On Line Opinion is a not-for-profit publication and relies on the generosity of its sponsors, editors and contributors. If you would like to help, contact us.
___________

Syndicate
RSS/XML


RSS 2.0

The Timor Sea grab

By Tom Clarke - posted Tuesday, 15 February 2005


It was a proud moment when John Howard ended 25 years of Australian Government indifference by sending troops to East Timor to end the brutal violence that followed its independence ballot.
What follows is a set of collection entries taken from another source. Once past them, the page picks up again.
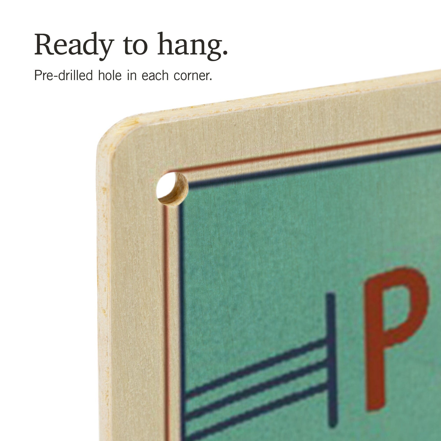 • Hole in each corner, ready to hang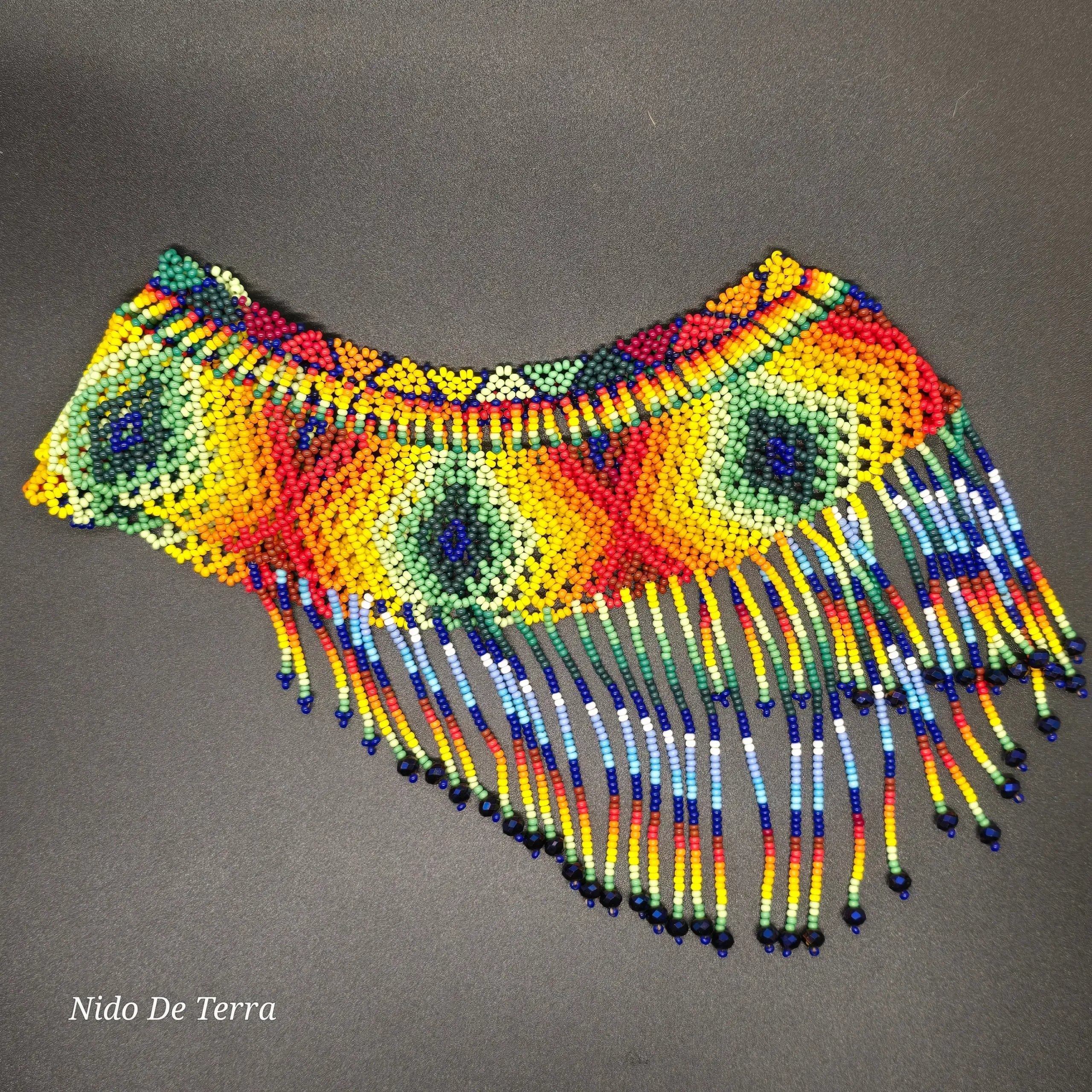 Corazón Tejido del Dije: El centro del dije contiene un patrón concéntrico tejido con chaquiras, creando armonía visual con el collar.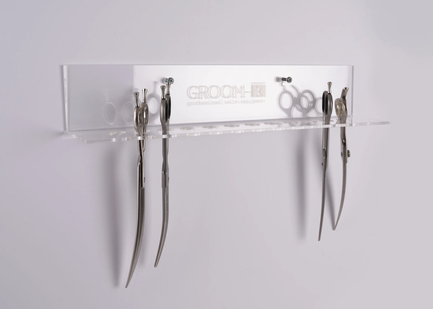Thanks to this helpful holder made out of plexi glass, you can protect and keep your scissors organised and ready to use. You save time but also space by keeping them in this very practical rack. Because of the special and compact design, it allows you to display your scissors and to have a nice overview while grooming. The durable, acrylic rack mounts easily on any vertical surface and can keep up to 12 of your favourite scissors handy and safe. All types of scissors fit in this system perfectly next to each other.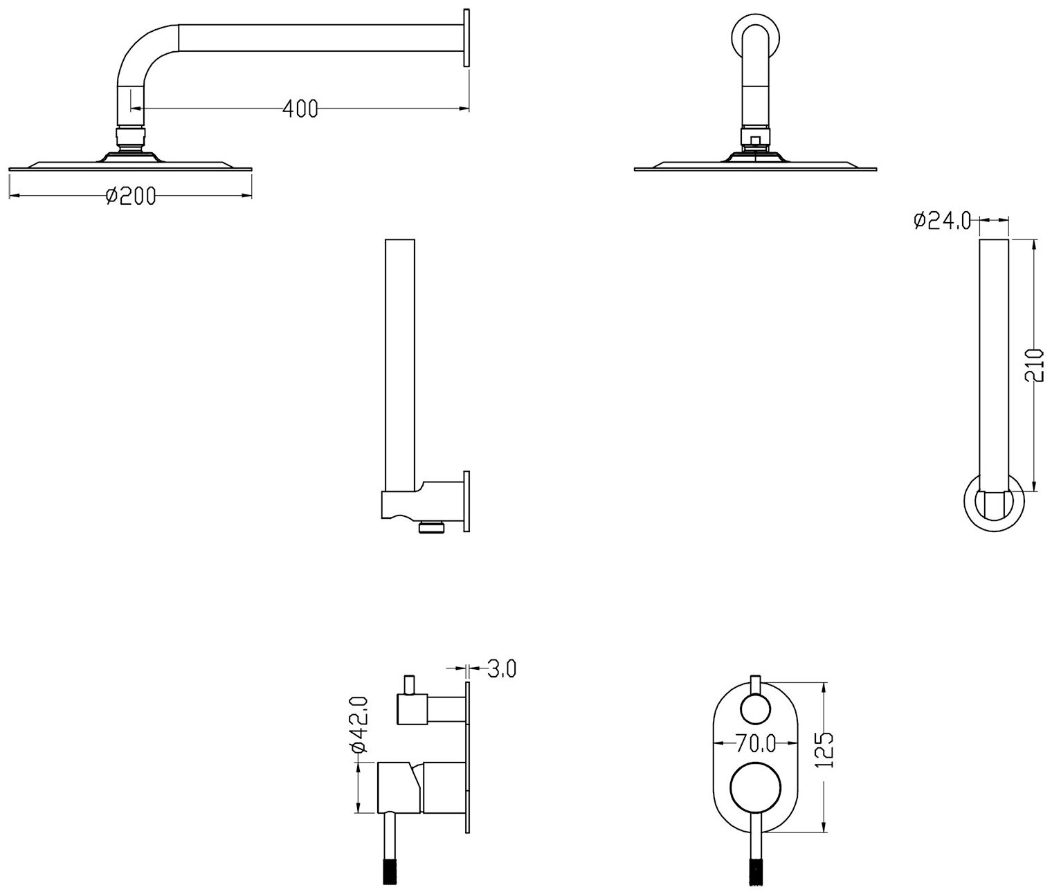 | Комплектация | душевой шланг / душевая лейка / переключатель потоков / кронштейн для верхнего душа |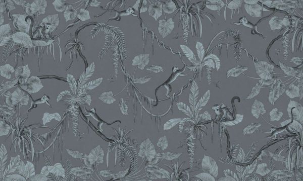 Affen schwingen durch eine üppige Tropenlandschaft, gezeichnet in stilvollen blaugrauen Tönen. Der ruhige Hintergrund und die gedämpften Farben verleihen dem Design eine ruhige, elegante Dschungelatmosphäre mit verspielten Details.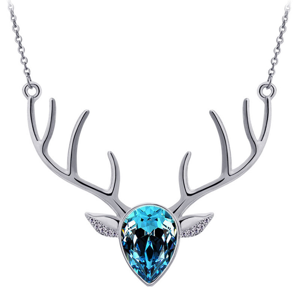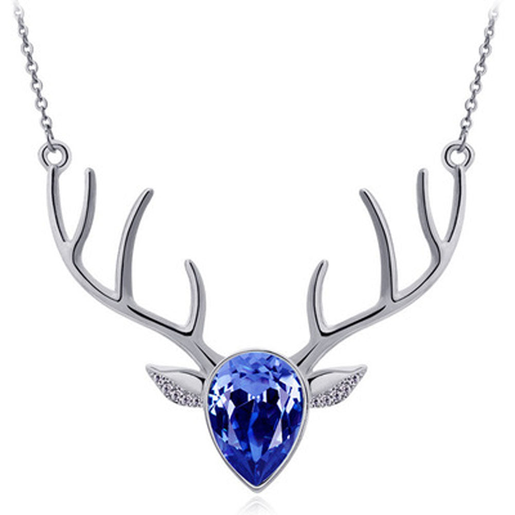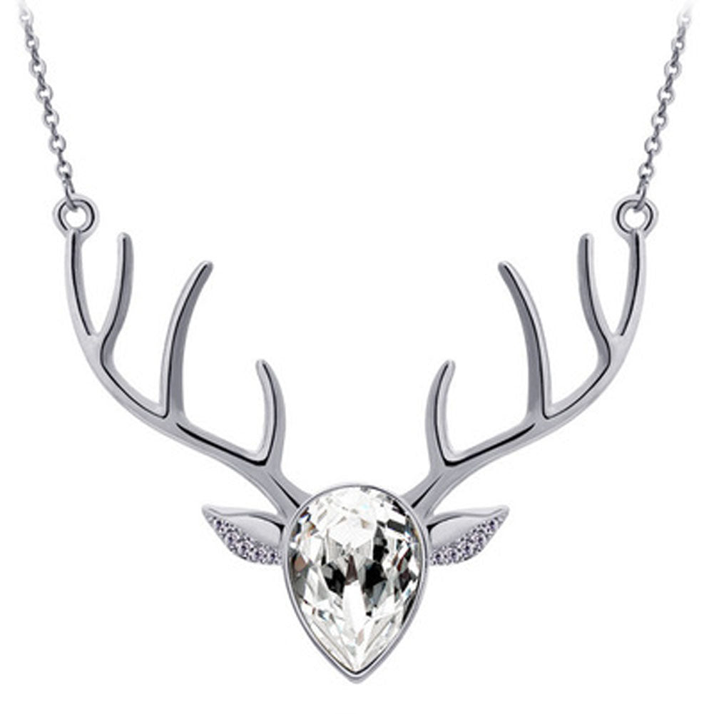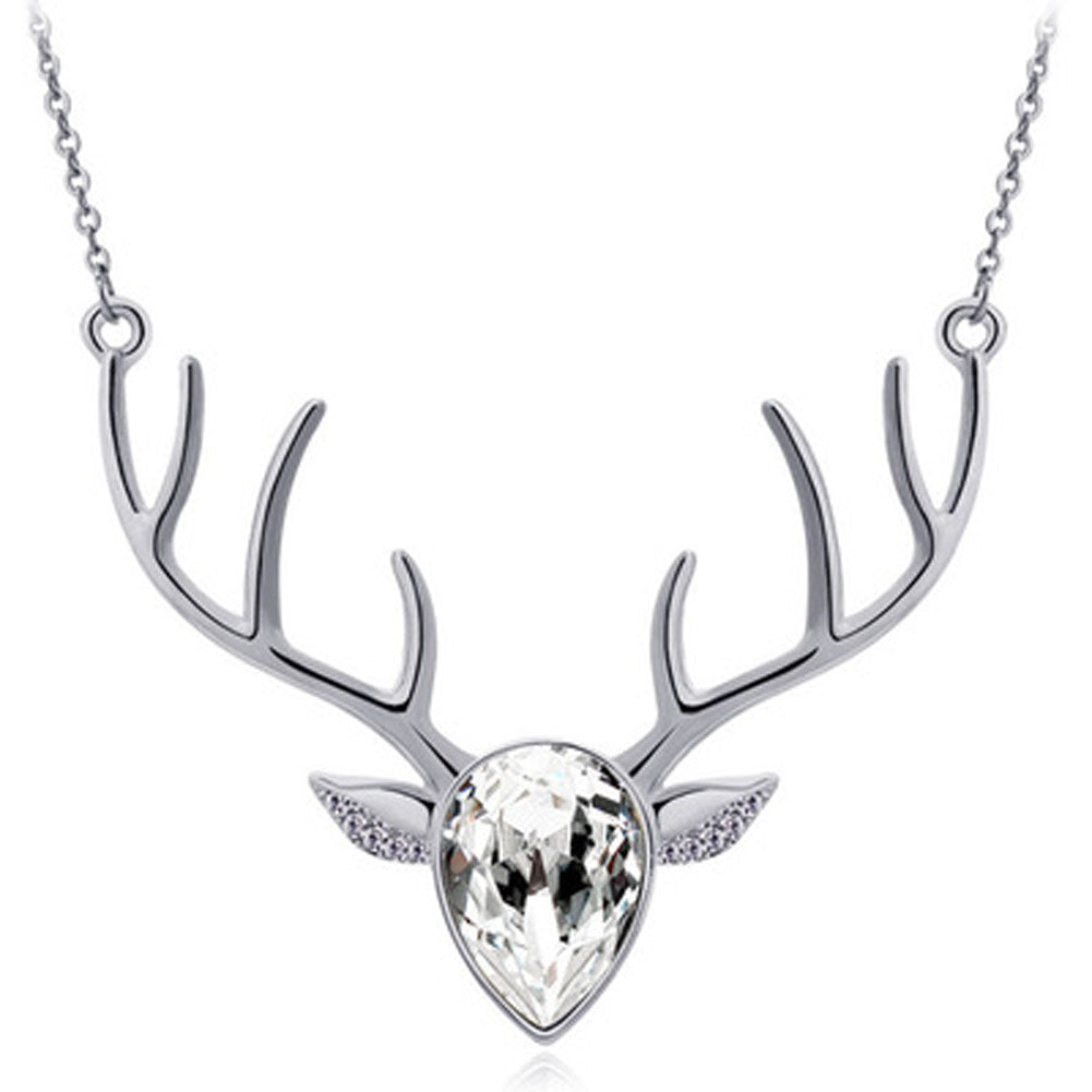 Rhinestone Crystal Deer Head Antler Pendant Necklace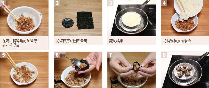 紫菜燒賣的材料:糯米120克,豬肉碎120克,蔥20克,20克,洋蔥40克,紫菜2-3大塊 美食網(wǎng)

For the past four years however, the actions of the Howard Government in the Timor Sea are not something of which we can be proud.

East Timor has never had maritime boundaries and is currently negotiating permanent maritime boundaries with Australia. In keeping with International Law, East Timor's negotiating position is based on a median line (that is, drawing a line halfway between Australia and East Timor) and equitable lateral boundaries.

Our Government does not agree with this position, yet it blatantly refuses to settle the matter with independent arbitration as requested by the East Timorese Government. In fact, our Government pre-emptively withdrew from the maritime boundary jurisdiction of both the International Court of Justice (ICJ) and the International Tribunal of Laws of the Sea (ITLOS) just two months before East Timor’s independence.

Advertisement

Far from acting with restraint, as required by International Law during such disputes, our Government is unilaterally exploiting oil and gas reserves located in areas claimed by East Timor as their Exclusive Economic Zone. Since 1999, our Government has taken $2 billion of gas and oil royalties from the Laminaria, Corallina and Bufalo fields alone, all of which are twice as close to East Timor than us. That’s, on average, $1 million a day.

Given that East Timor has an annual budget of only $100 million and is facing extreme poverty, $1 million a day’s royalties would have a dramatic impact on efforts to build basic infrastructure such as hospitals and schools.

But with $1 million a day’s royalties at stake, perhaps it’s not surprising that the Howard Government’s approach to the Timor Sea dispute, has been one of stalling, bullying and deception. Our Government continues to cloud this issue by refusing to publicly discuss gas and oil fields outside of the Joint Petroleum Development Area (JPDA) that fall within East Timor’s claim. Our Government attempts to promote the notion that the Timor Sea Treaty and the JPDA are finalised deals, rather than the provisional agreements that they are; agreements that were not to jeopardise future maritime boundary negotiations.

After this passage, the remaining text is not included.